Jackson was a member of a statewide task force put together by Gov. John Hickenlooper after Colorado voters approved a constitutional amendment in November 2012 legalizing the sale of recreational marijuana. Their job was to figure out how to implement this law. It was uncharted territory.

Marijuana is still considered illegal in the eyes of the federal government and, as such, no bank has the ability to accept deposits. So it remains an all-cash industry, which creates potential crime issues.

But there are a host of other issues related to cultivation, transportation, sale, marketing, land use, environmental degradation, water, etc.

In his warning to California lawmakers, Jackson calls particular attention to two issues. One concerns potency problems. In other words, this is not your father’s Maui Wowie we’re talking about. Some of this stuff packs a major punch, and you don’t always know what dose you’re getting. The result is a range of problems including people “overdosing” from taking a bite from the wrong brownie. Hospitalizations due to marijuana exposure tripled in the first 18 months after legalization took effect in Colorado, according to Jackson.

And then there’s the issue of driving under the influence. Law enforcement as yet has no clear way to tell when a driver is too stoned to drive. Because THC, the key active ingredient in pot, dissolves in fat not water, simple blood tests don’t indicate impairment as they do with alcohol. Nevertheless, there are plenty of accidents involving people who are found to have THC in their systems. Colorado fatalities with drivers testing positive for THC increased 44 percent the year after legalization took effect.

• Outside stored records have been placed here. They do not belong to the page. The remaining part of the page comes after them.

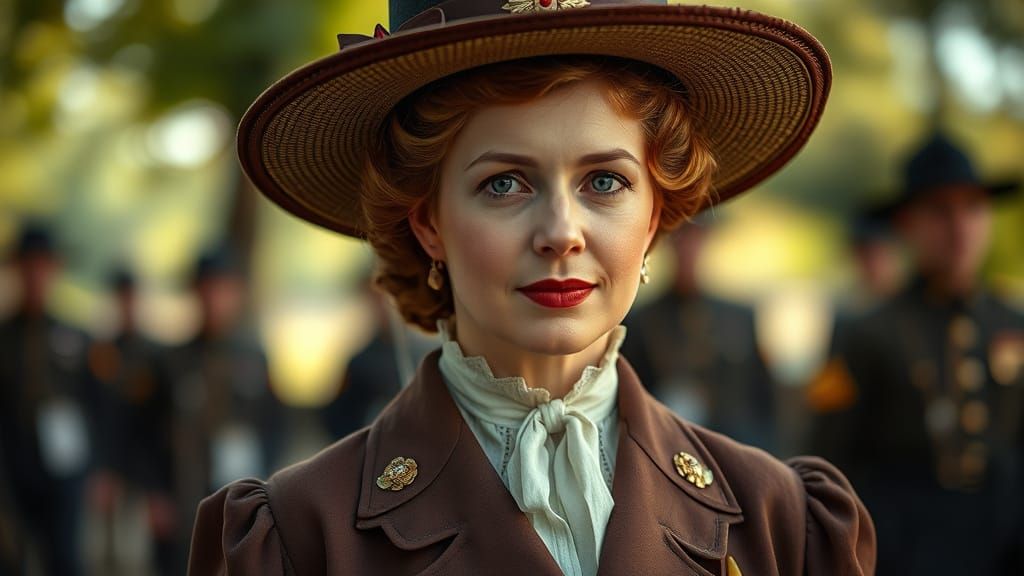 This image shows Dorothea Lynde Dix in Victorian attire as Superintendent of Army Nurses during the Civil War. The photograph, reminiscent of Leibovitz, McCurry and Parks, features soft bokeh and warm natural lighting.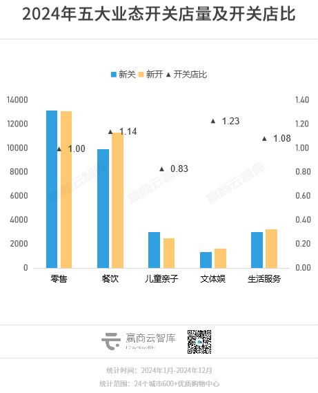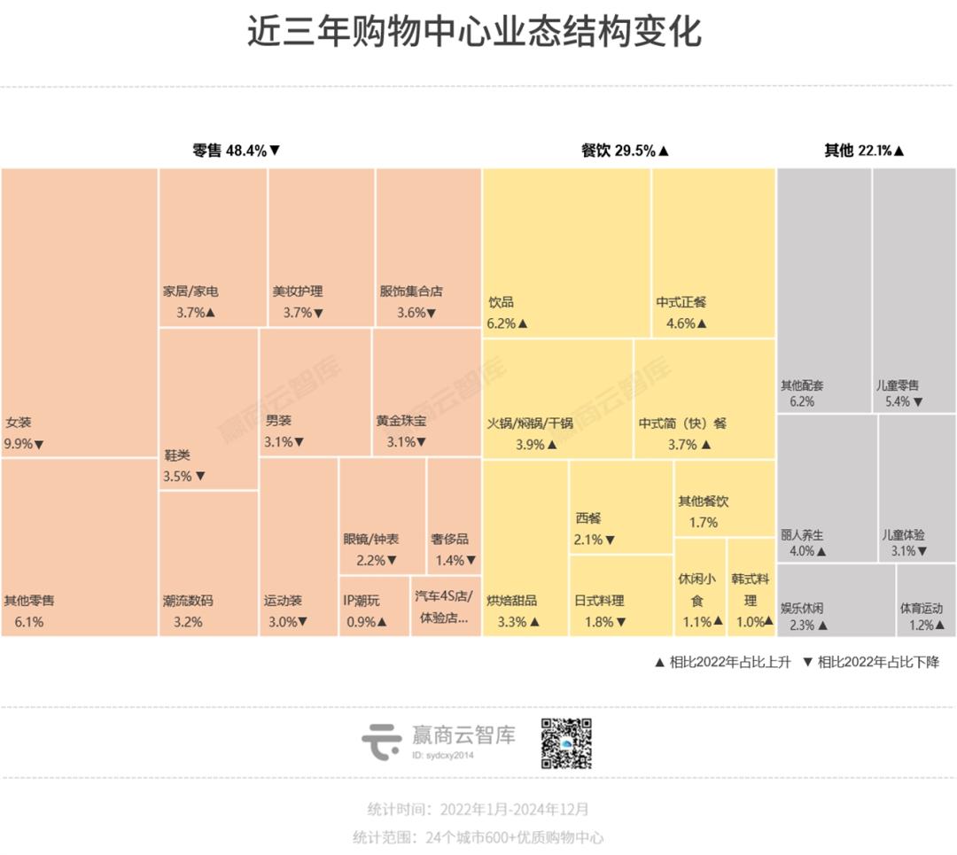 据赢商大数据统计,对比2022年业态结构,2022 - 2024年,24个城市600 + 优质购物中心餐饮业态占比从27.4%增至29.5%。购物中心餐饮品牌调整频次高,2024年餐饮业态开店、关店总计1.8万家,开关店比1.14,调整门店数占整体业态31%。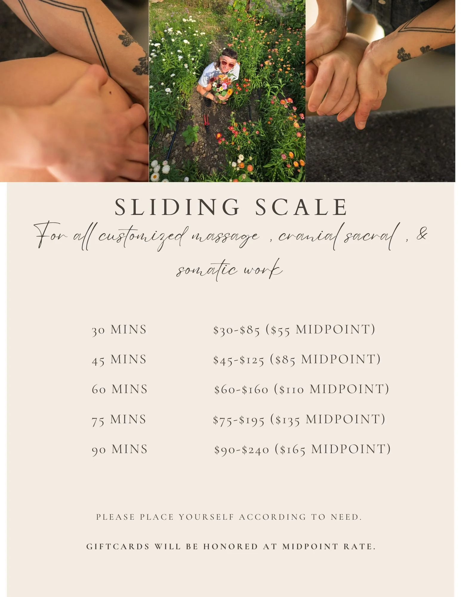 I believe that healing work should be accessible for all. It is preventative healthcare for the mind and body; not just a luxury for those with expendable income. As such, for my customizable bodywork sessions, cranial sacral work, and somatic work, I offer a sliding scale of $60-$160/hour, with $110/hour as the mid-point. This sliding scale applies to all services, but does not apply for gift cards , which are set at the mid-point of $110/hour.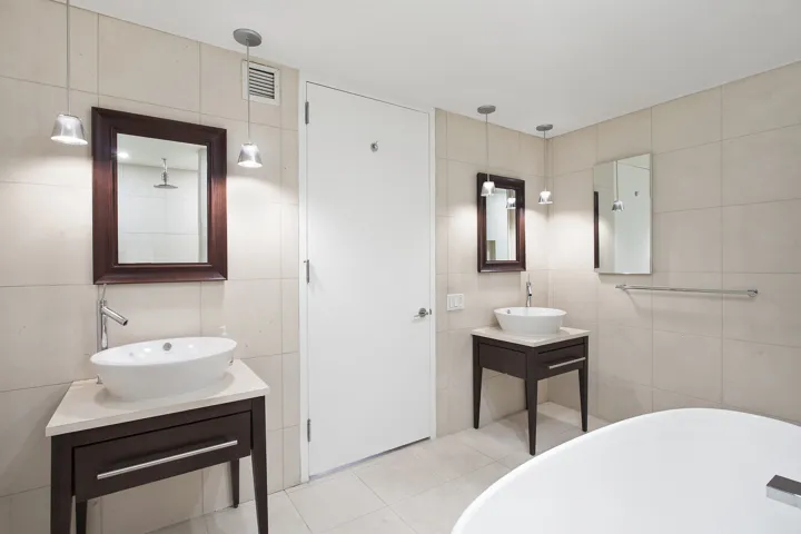 The beautiful oversized spa bathroom has double Duravit sinks, separate shower, and that gorgeous teacup bathtub.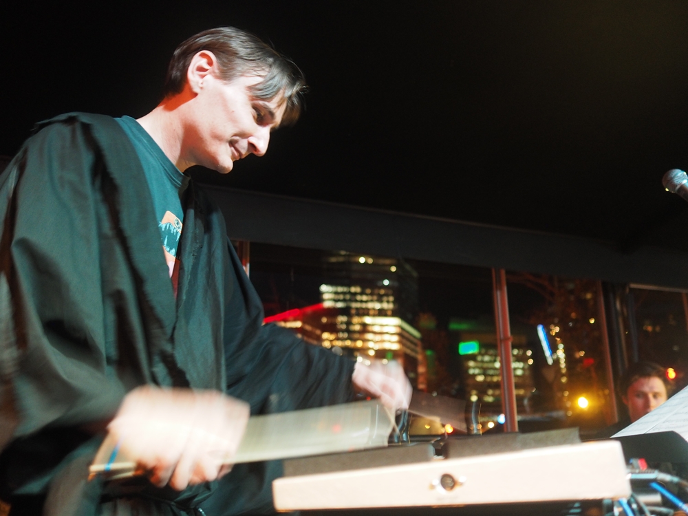 In ‘Methylated Demons’ the hoods were off and those jazz-metal monks were working up a sweat over funky rhythms and chopping time signatures; Bonetti let rip with a solo on the vibes, along with John Stefulj on soprano sax.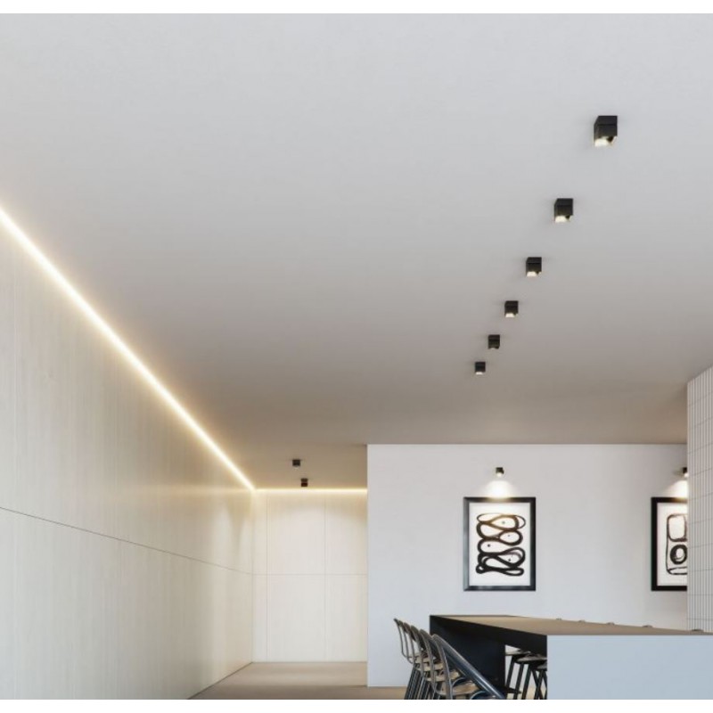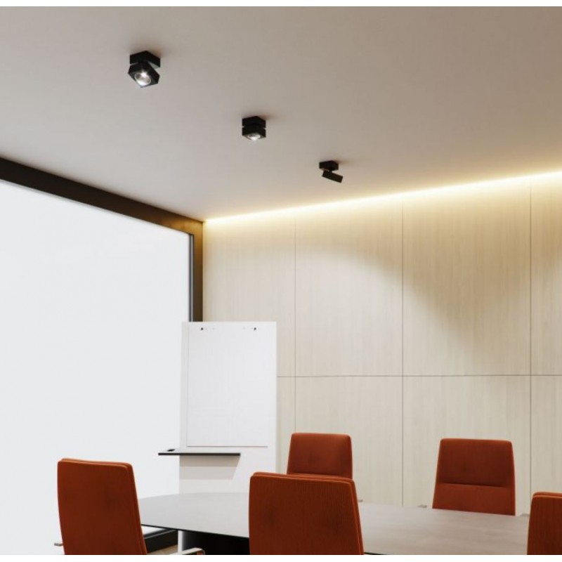 Il design squadrato e la finitura nera conferiscono all'Applique Rubyc un aspetto moderno e minimalista, perfetto per qualsiasi stile di arredamento. Progettata per il montaggio a parete o soffitto, l'applique è versatile e si integra facilmente in qualsiasi spazio interno.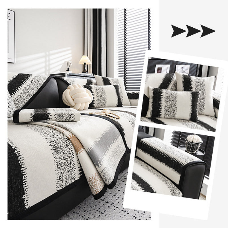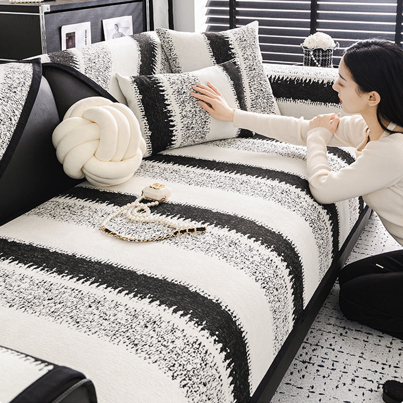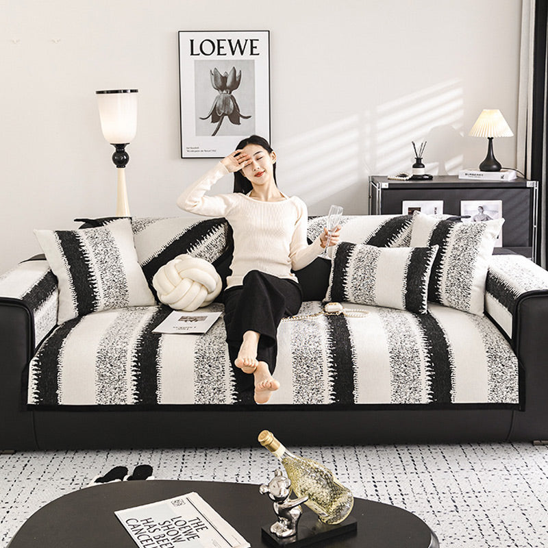 Housse de Canapé Universelle Antidérapante à Rayures (Tissu Résistant aux Taches)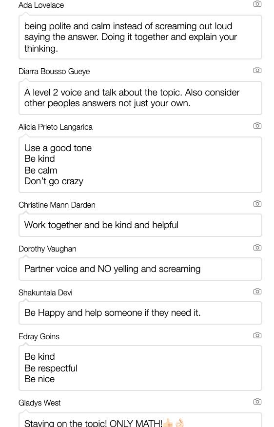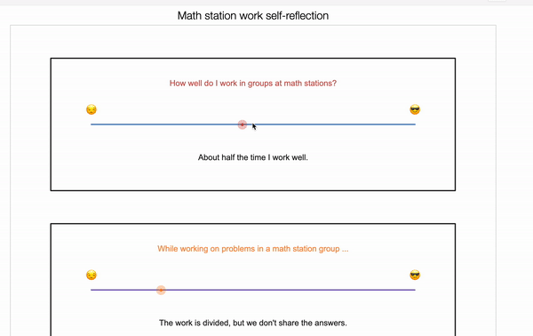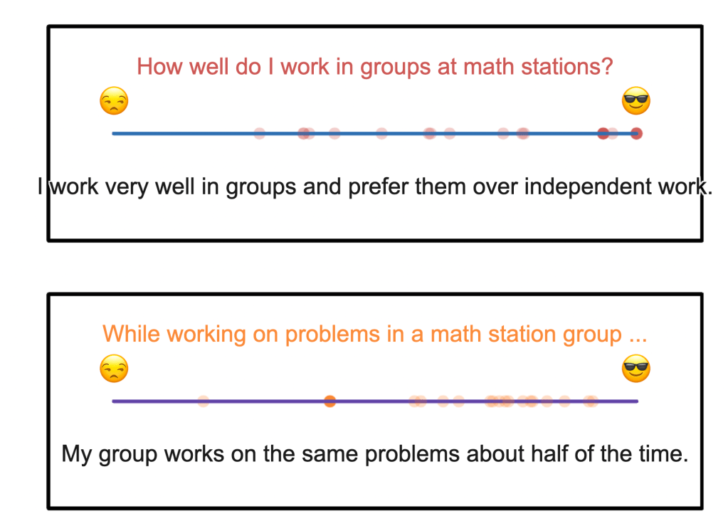 I ended up using Desmos to collect student information about the environment, attitudes and behaviors occurring during math station work. Students first started by self-reflecting on their beliefs during math stations and then rated their group’s actions.

Shouldn’t we figure out what clearly constitutes impaired driving before we do any more to legitimize it?

For the record, no, I don’t think it should be on the federal list of Schedule I no-no drugs like heroin. I support the decriminalization of it, which essentially occurred long ago. And I’m even ready to acknowledge that the legalization of recreational use of marijuana is probably a done deal (although Proposition 64 is full of pot holes — no pun intended — and is not the way to go about it).

But I’m not ready to concede that Santa Rosa or Sonoma County should be — or even wants to be — leading the pack on all of this.

Maybe I’m howling in the wind. But given that Amsterdam doesn’t even want to be this far out front, maybe it’s time to rethink what we’re doing — and where we’re going.